CCA c/o Tokyo
2018–2020
Over the course of 2018-2020, we are working with Kayoko Ota, an architectural curator and editor based in Tokyo and commissioner of the Japanese pavilion at the 2014 Venice Biennale, to develop research and facilitate public engagement with our projects in Tokyo.
2018: Islands and Villages
To launch c/o Tokyo, we commissioned a multi-part documentary on the posturban phenomenon in Japan. Traveling to small villages and tiny islands far from Tokyo, Ota explores how, in place of the conventional system of commissioning, a new kind of exchange is emerging between architects and rural communities. The documentary—which features Toyo Ito, Atelier Bow-Wow, Kazuyo Sejima, Toshikatsu Ienari, and Hajime Ishikawa—premiered within a larger online editorial project focused on nonurban cities, providing the perspective of another culture to an ongoing CCA investigation.
2019: Meanwhile in Japan
Four decades ago, coinciding with the postmodern period in the West, a number of young architects in Japan challenged their professional status quo with experimental proposals for housing and big structures. As the country took a consumer-oriented, deregulatory turn, these architects took actions to liberate architecture from a regime of imported conventions and modernist concerns. “Meanwhile in Japan” is a series of interviews and conversations, aimed at documenting this moment through a new perspective and querying today’s generational struggle to redefine architecture in Japan.
Hiroshi Hara, Toyo Ito, and Itsuko Hasegawa are the protagonists of three sessions. Before each session, Kayoko Ota joined a team of scholars with diverse backgrounds including building systems design, history of modern Asian architecture and urbanism, social entrepreneurship, and sociology—Kozo Kadowaki, Koji Ichikawa, Yutaro Muraji, and Mikio Wakabayashi—to build a new understanding of each protagonist from the late 1970s to the early 1990s. This multi-disciplinary team asked the architect-interviewee to share not only architectural works but also their archived notes, photographs, and other materials that reveal their thinking and concurrent activities. Based on this research, each session then frames an ‘intimate interrogation’ with its protagonist followed by an expanded discussion with additional guest critics.

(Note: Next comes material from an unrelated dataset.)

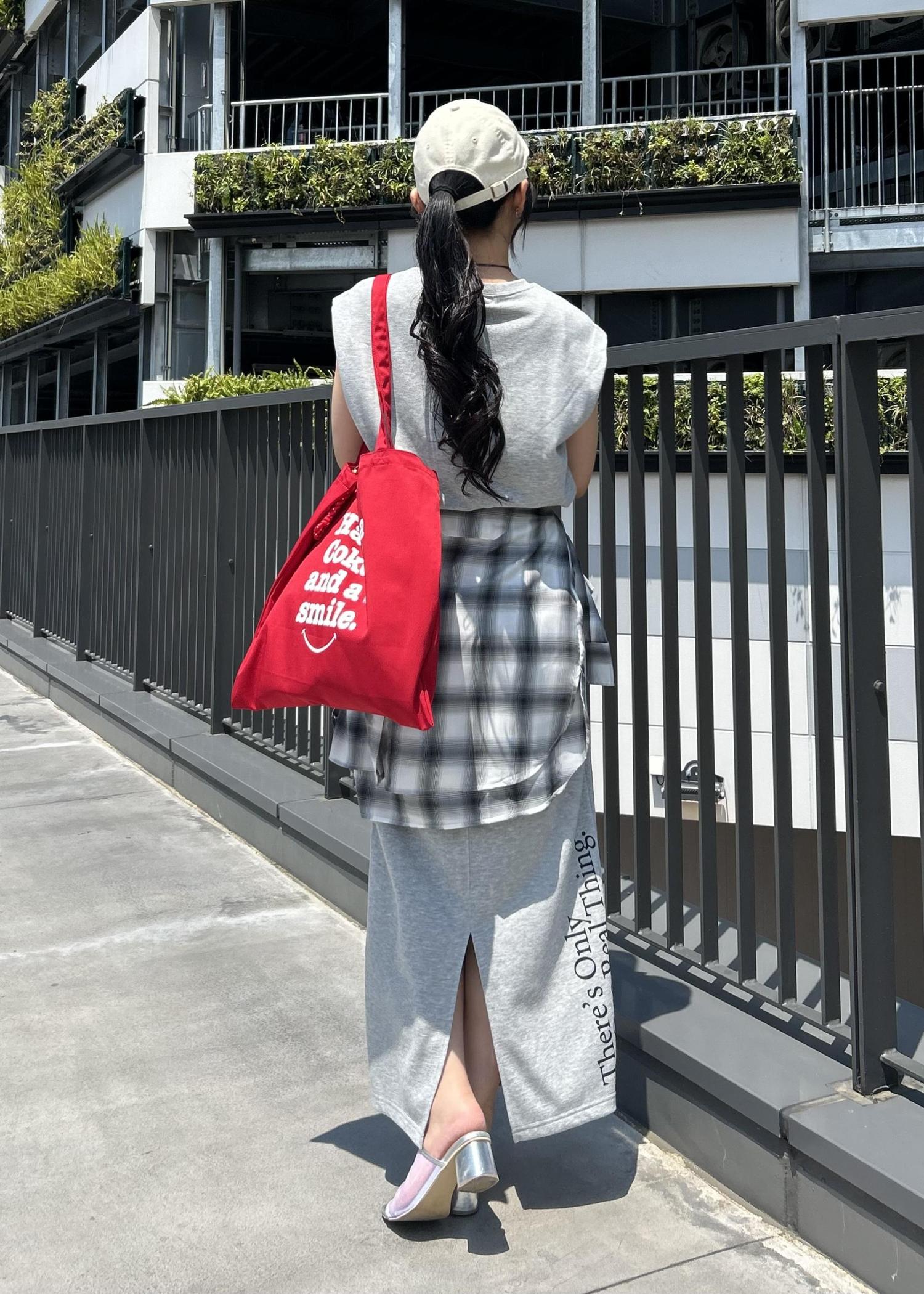 ノースリーブトップスにセットアップのスカートを合わせて、

The three sessions was each hold at a location where the featured protagonist keeps his or her archive or holds a personal attachment to a particular moment in history. These small and intimate spaces will host the work of an ongoing research, so the sessions were closed to the public. Their results are reported here on the website and also in three books that document the interviews, discussions, and archives of Itsuko Hasegawa, Hiroshi Hara, and Toyo Ito.
Articles have also been published within the framework of these researches: An Architect Who Works With Citizens, article where Kozo Kadowaki discusses on the Shonandai Cultural Centre by Itsuko Hasegawa, Bridging a Chasm, an article where Koji Ichikawa discusses Toyo Ito’s experimental work as part of the Commodified Housing Study Group, as well as Poking Holes in Modern Space, where Mikio Wakabayashi inquires on the thoughts and actions of Hiroshi Hara.

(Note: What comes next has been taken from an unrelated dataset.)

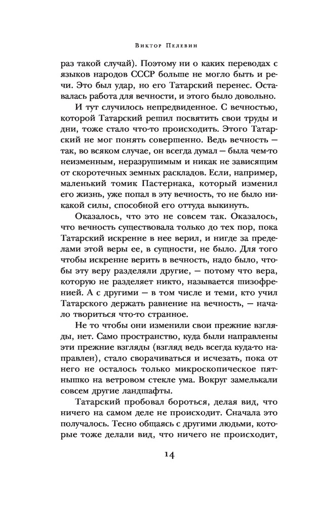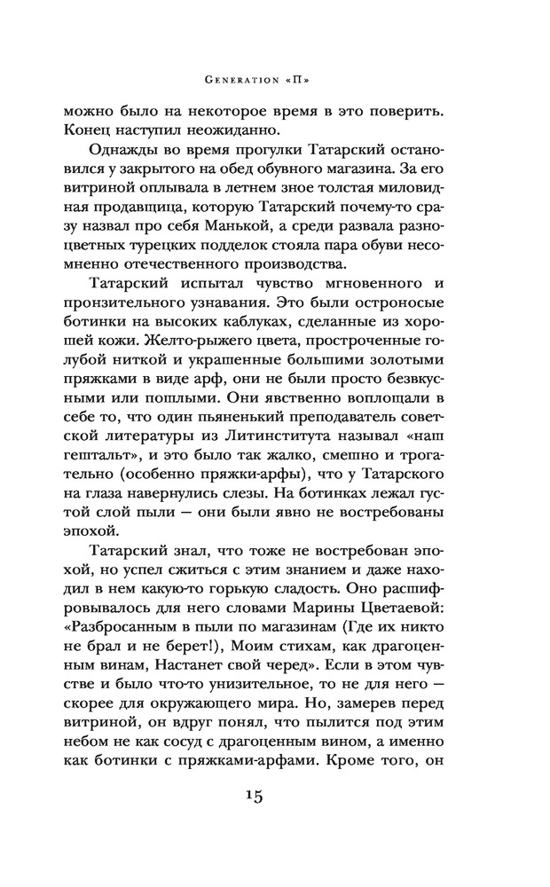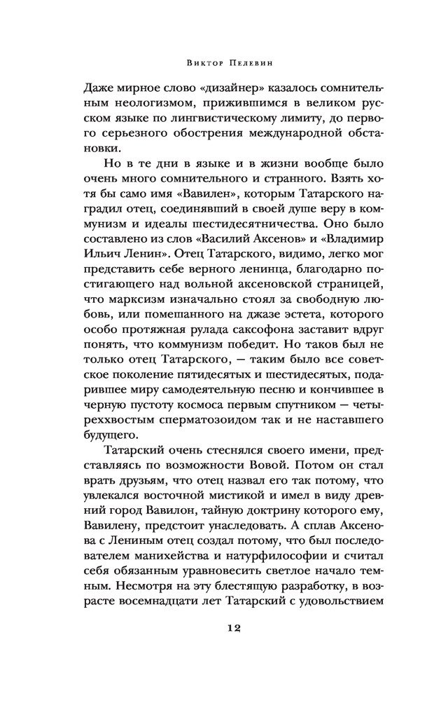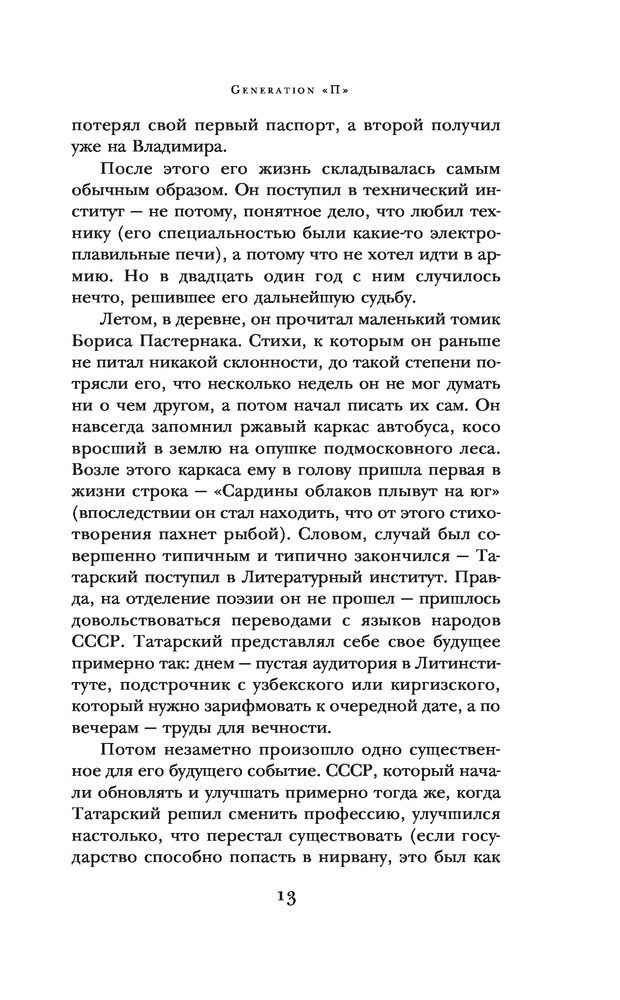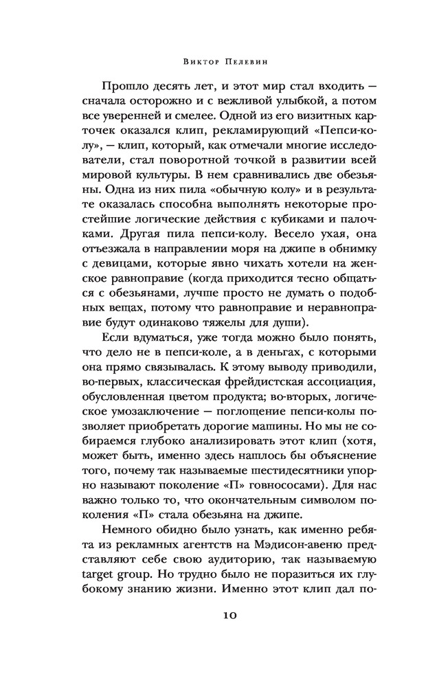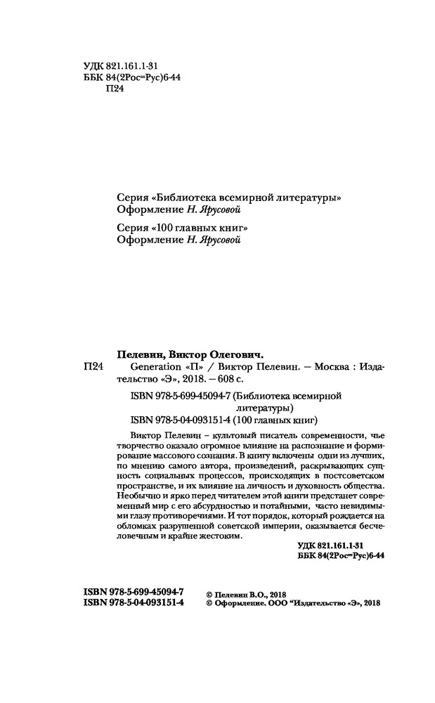 Generation "П"В данный момент этот товар отсутствует в продаже. Возможно, у нас найдется аналогичный или похожий товар здесь. Серия: 100 главных книг Виктор Пелевин — культовый писатель современности, чье творчество оказало огромное влияние на распознание и формирование массового сознания. В книгу включены одни из лучших, по мнению самого автора, произведений, раскрывающих сущность социальных процессов, происходящих в постсоветском пространстве, и их влияние на личность и духовность общества. Необычно и ярко перед читателем этой книги предстанет современный мир с его абсурдностью и потайными, часто невидимыми глазу противоречиями. И тот порядок, который рождается на обломках разрушенной советской империи, оказывается бесчеловечным и крайне жестоким. |

Japanese architecture from this period is known to encompass the simultaneous emergence of various experimental architectural expressions. Though architectural works are internationally recognized, for example in the writings of Charles Jencks and Kenneth Frampton, discourse has generally remained on a formal level. “Meanwhile in Japan” seeks to unearth the aims and strategies of architects, beyond mere preoccupations with form and toward their quickly modernizing and urbanizing landscape, to question which tactics worked and which did not, what visions have survived, and what lessons can be learned.
2020–2021: Models Talk
Models Talk is a series of three short videos that profiles recent building projects from Kazuko Akamatsu, Kumiko Inui and Erika Nakagawa, emerging from Japan’s contemporary urban conditions.
Socially engaged approaches in architecture, including participatory design, reprogramming, and minimum intervention, are increasingly common—but often yield predictable results. This series focuses instead on works that challenge convention in order to address current urban issues, and uses the particularities of video as a format to convey the ideas defining these works.
In each video—conceived by Kayoko Ota and directed by Studio GROSS (Tokyo and Berlin)—one architect leads the viewer through a model that acts as a guide by way of the problems, concepts, and inventive propositions that underlie the work. Motivated by the desire to illustrate architectural concepts and make them more easily accessible, Models Talk gives a platform to three architects working through contemporary challenges to express their proposals.